One day, he received a requisition order demanding him to deliver 500 kilograms of wheat to the state. He delivered it in full. But no sooner had he done so when he received another order. This time they demanded twice as much wheat, something they knew he could not deliver because he had none left. His explanations were of no avail. The officials persisted and threatened him with Siberia. He knew that they meant it, so he was forced to sell everything he had of value, including his cow, to buy the order of wheat. He naively believed that now his troubles were over. Yet his fate had been sealed when he refused to join the collective farm. The demands of impossibly high quotas of grain were only excuses for ruining him.

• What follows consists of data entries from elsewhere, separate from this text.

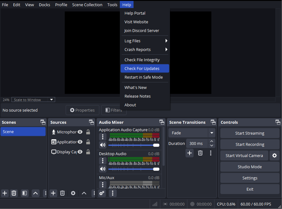 After installing, regularly check for updates within OBS by clicking Help – Check for Updates.
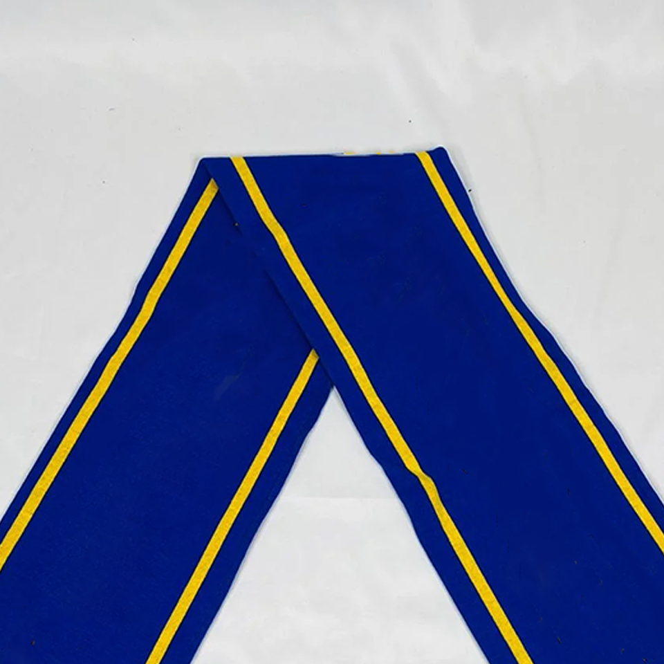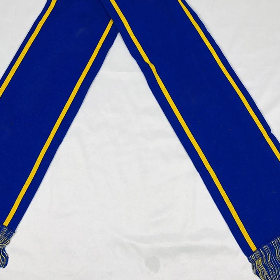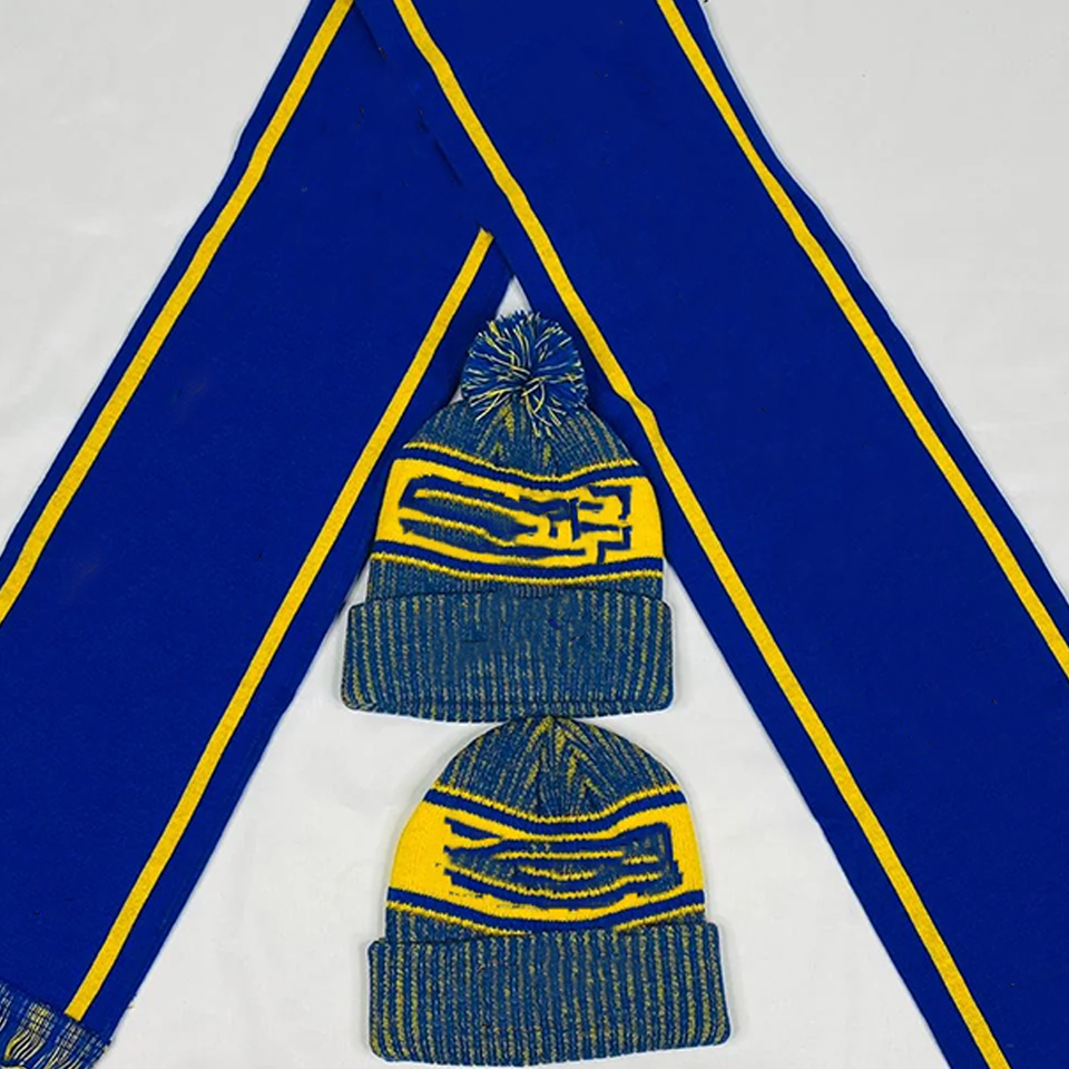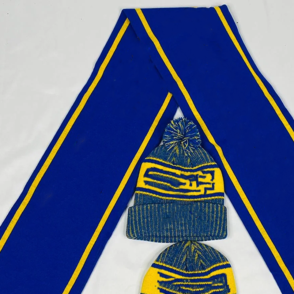Conjunto de Bufanda Larga Acrílica y Gorro Sigma Gama Rho SGRho Azul Real Dorado | Ropa de Invierno Personalizada con Bordado para Hermandades
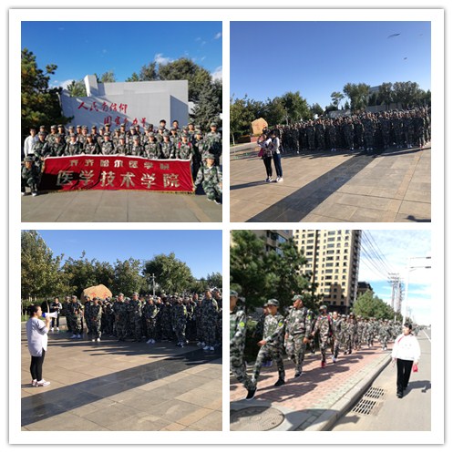 此次徒步活动目的地齐齐哈尔市和平广场,全程6.1公里,14:10分整齐有序的队伍抵达和平广场,在学生党员刘冰心、王健昕的解说引领下,学生依次参观了和平广场的广场景观设计,抗战纪念墙、胜利纪念碑、江桥抗战纪念雕塑、和平之水、每一个具有历史意义的标志性建筑物都在诉说着中国抗战的艰辛历程和光辉岁月。在江桥抗战纪念雕塑下,第六党支部书记李冬冬进行了爱国主义教育宣讲,全体学生进行了庄严的医学生宣誓。
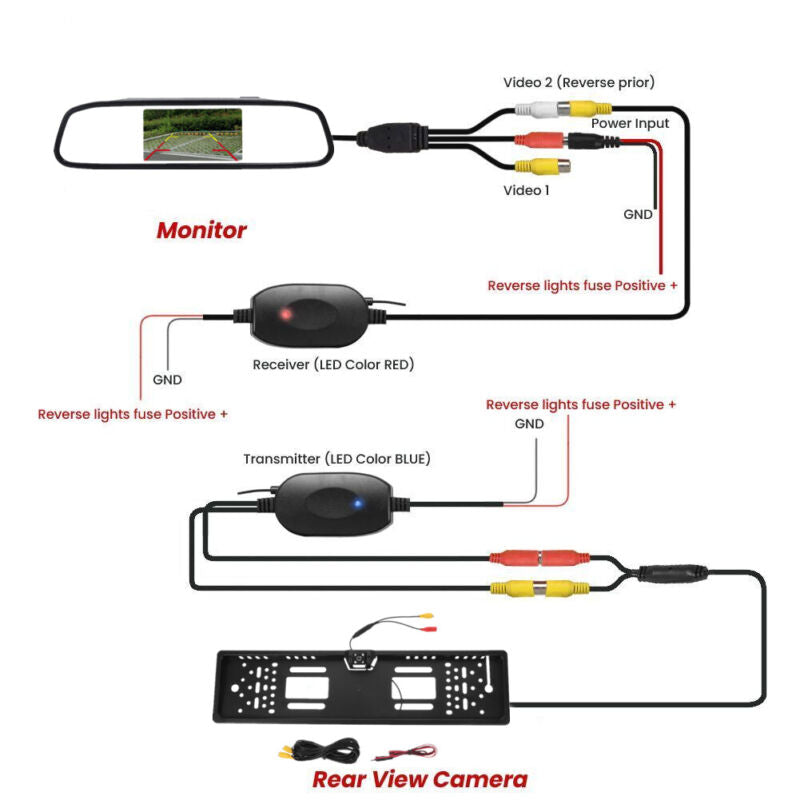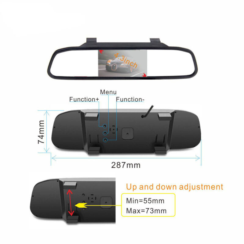 Wireless 4.3" TFT Rear View Mirror Monitor Reversing Parking Camera Number Plate

Sure enough, he soon received the inexorable third order: 2,000 kilograms of wheat immediately! This he could not do. He had nothing more of value to sell with which to buy any more grain. He and his family were already left destitute.

One fateful day, the Bread Procurement Commission paid him a visit. They searched his premises for hidden grain, but found nothing. Nevertheless, he was labeled a kurkul, and he and his family were ordered to leave their house immediately. The house and all that belonged to the Shevchenkos was confiscated and was to be turned into “socialist property.” Upon hearing this proclamation, Shevchenko and his family put up a desperate struggle. Their cries and screams and the shouting of the officials attracted our attention. My brother and I ran there to see what was going on.